_Directions for this task_: Your copy should start at the line with "Rozmery: 5,32 x 3,77 x 2,32 m" and end at the line with "AS IMAGENS SÃO" in the data below. Transcribe only those lines, exactly, pictures excluded.

_Supplied records_:
○ ○ ○

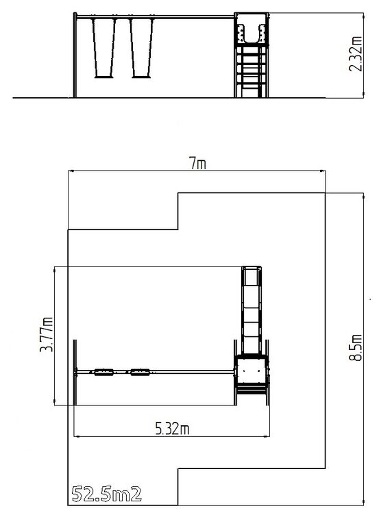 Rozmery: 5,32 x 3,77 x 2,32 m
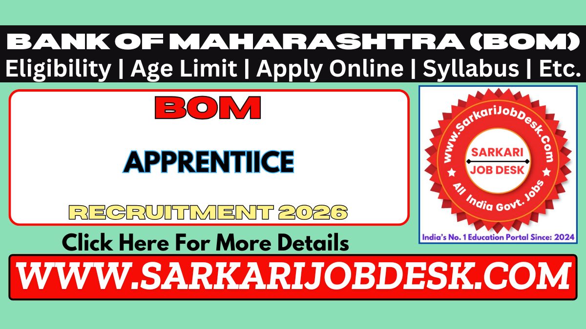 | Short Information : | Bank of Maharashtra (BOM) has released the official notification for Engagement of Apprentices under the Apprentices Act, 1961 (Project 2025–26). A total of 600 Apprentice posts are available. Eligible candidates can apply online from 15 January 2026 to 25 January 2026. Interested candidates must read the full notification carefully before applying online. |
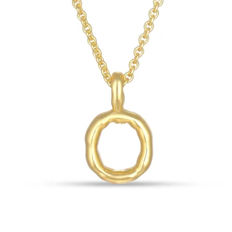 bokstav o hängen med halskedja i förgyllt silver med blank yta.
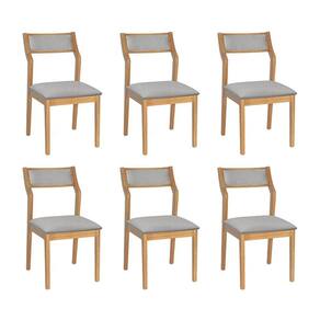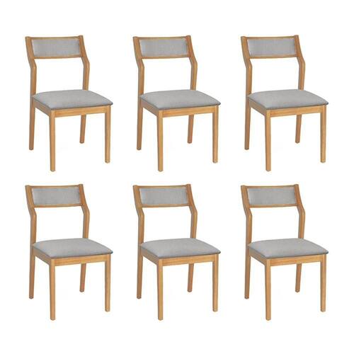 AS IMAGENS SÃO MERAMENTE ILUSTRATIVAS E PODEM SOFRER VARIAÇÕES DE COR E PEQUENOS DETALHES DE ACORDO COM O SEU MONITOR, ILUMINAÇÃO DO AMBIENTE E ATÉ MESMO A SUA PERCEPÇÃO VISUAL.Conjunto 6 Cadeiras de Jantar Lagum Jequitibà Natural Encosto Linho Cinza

○ ○ ○

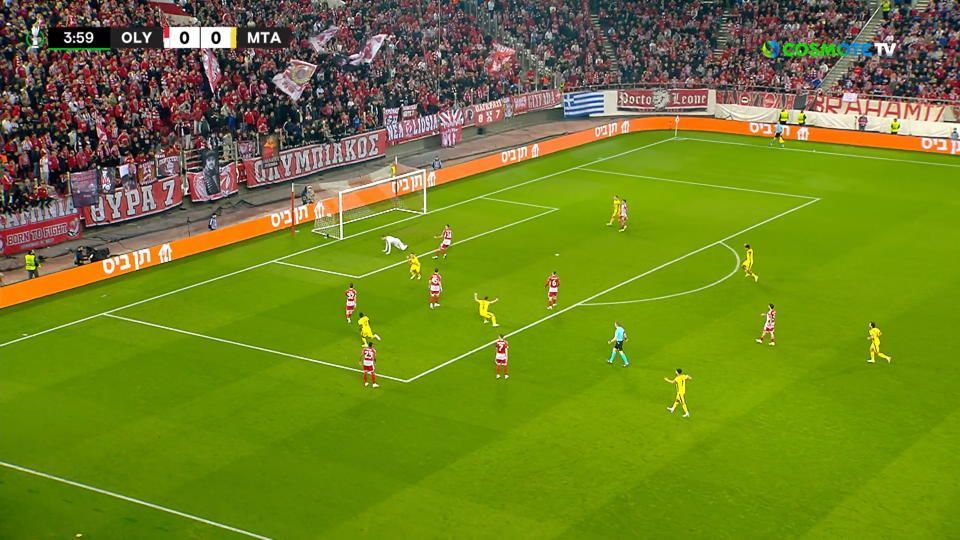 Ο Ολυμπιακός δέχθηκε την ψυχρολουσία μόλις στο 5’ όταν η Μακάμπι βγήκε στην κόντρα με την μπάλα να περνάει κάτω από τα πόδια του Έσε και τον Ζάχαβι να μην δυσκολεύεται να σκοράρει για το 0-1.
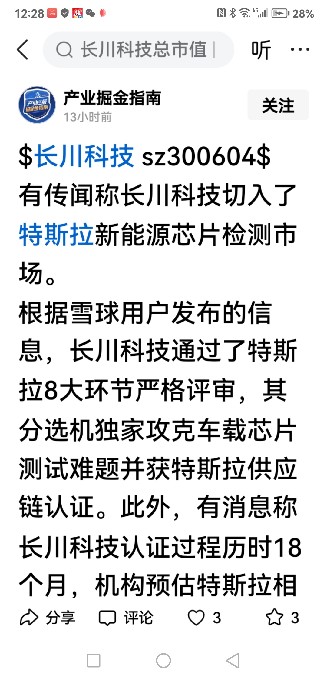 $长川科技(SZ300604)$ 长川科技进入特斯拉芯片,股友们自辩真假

○ ○ ○

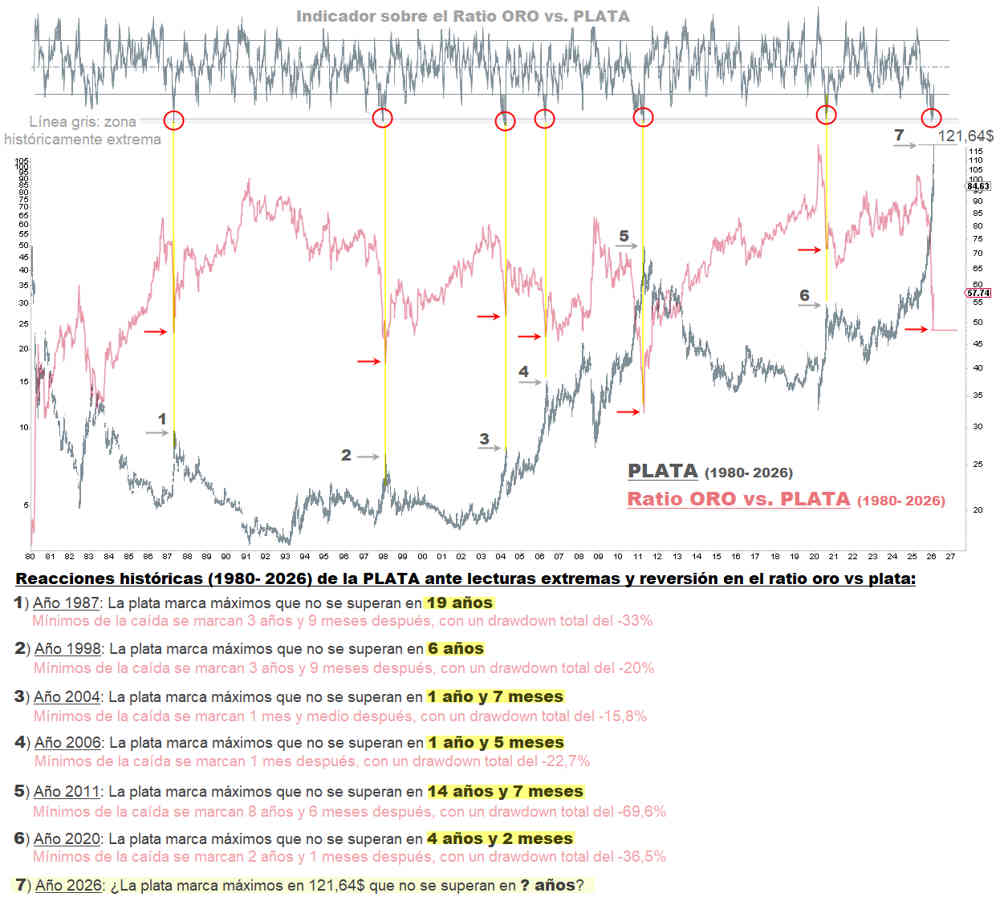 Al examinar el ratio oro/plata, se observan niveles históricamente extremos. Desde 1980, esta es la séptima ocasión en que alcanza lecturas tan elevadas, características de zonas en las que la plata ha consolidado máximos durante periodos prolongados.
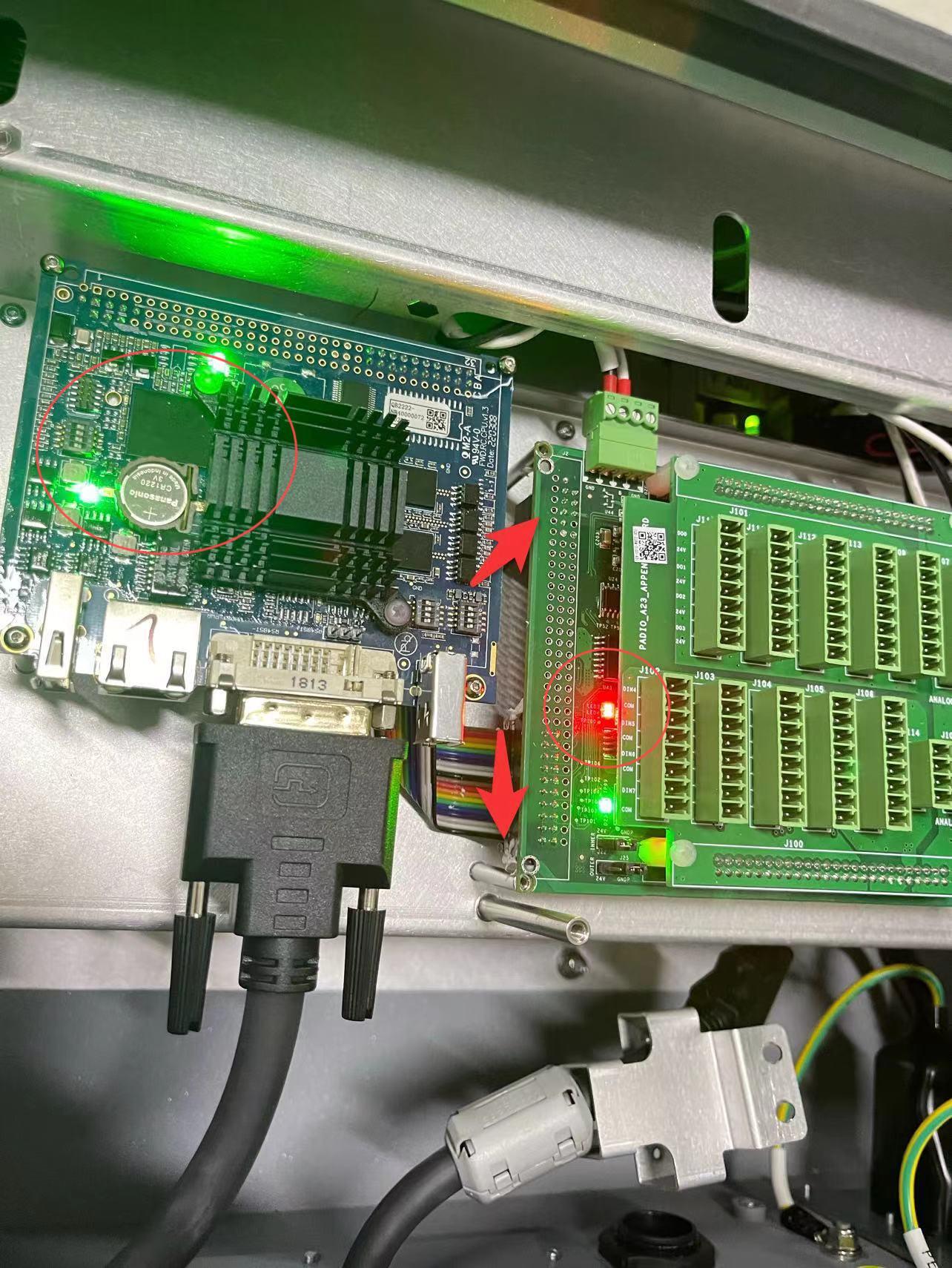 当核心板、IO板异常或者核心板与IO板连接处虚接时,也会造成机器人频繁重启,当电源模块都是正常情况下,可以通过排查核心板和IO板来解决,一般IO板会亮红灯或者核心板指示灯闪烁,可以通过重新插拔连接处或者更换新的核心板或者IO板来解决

○ ○ ○

_Exercise output_:
 Rozmery: 5,32 x 3,77 x 2,32 m
 | Short Information : | Bank of Maharashtra (BOM) has released the official notification for Engagement of Apprentices under the Apprentices Act, 1961 (Project 2025–26). A total of 600 Apprentice posts are available. Eligible candidates can apply online from 15 January 2026 to 25 January 2026. Interested candidates must read the full notification carefully before applying online. |
 bokstav o hängen med halskedja i förgyllt silver med blank yta.
 AS IMAGENS SÃO MERAMENTE ILUSTRATIVAS E PODEM SOFRER VARIAÇÕES DE COR E PEQUENOS DETALHES DE ACORDO COM O SEU MONITOR, ILUMINAÇÃO DO AMBIENTE E ATÉ MESMO A SUA PERCEPÇÃO VISUAL.Conjunto 6 Cadeiras de Jantar Lagum Jequitibà Natural Encosto Linho Cinza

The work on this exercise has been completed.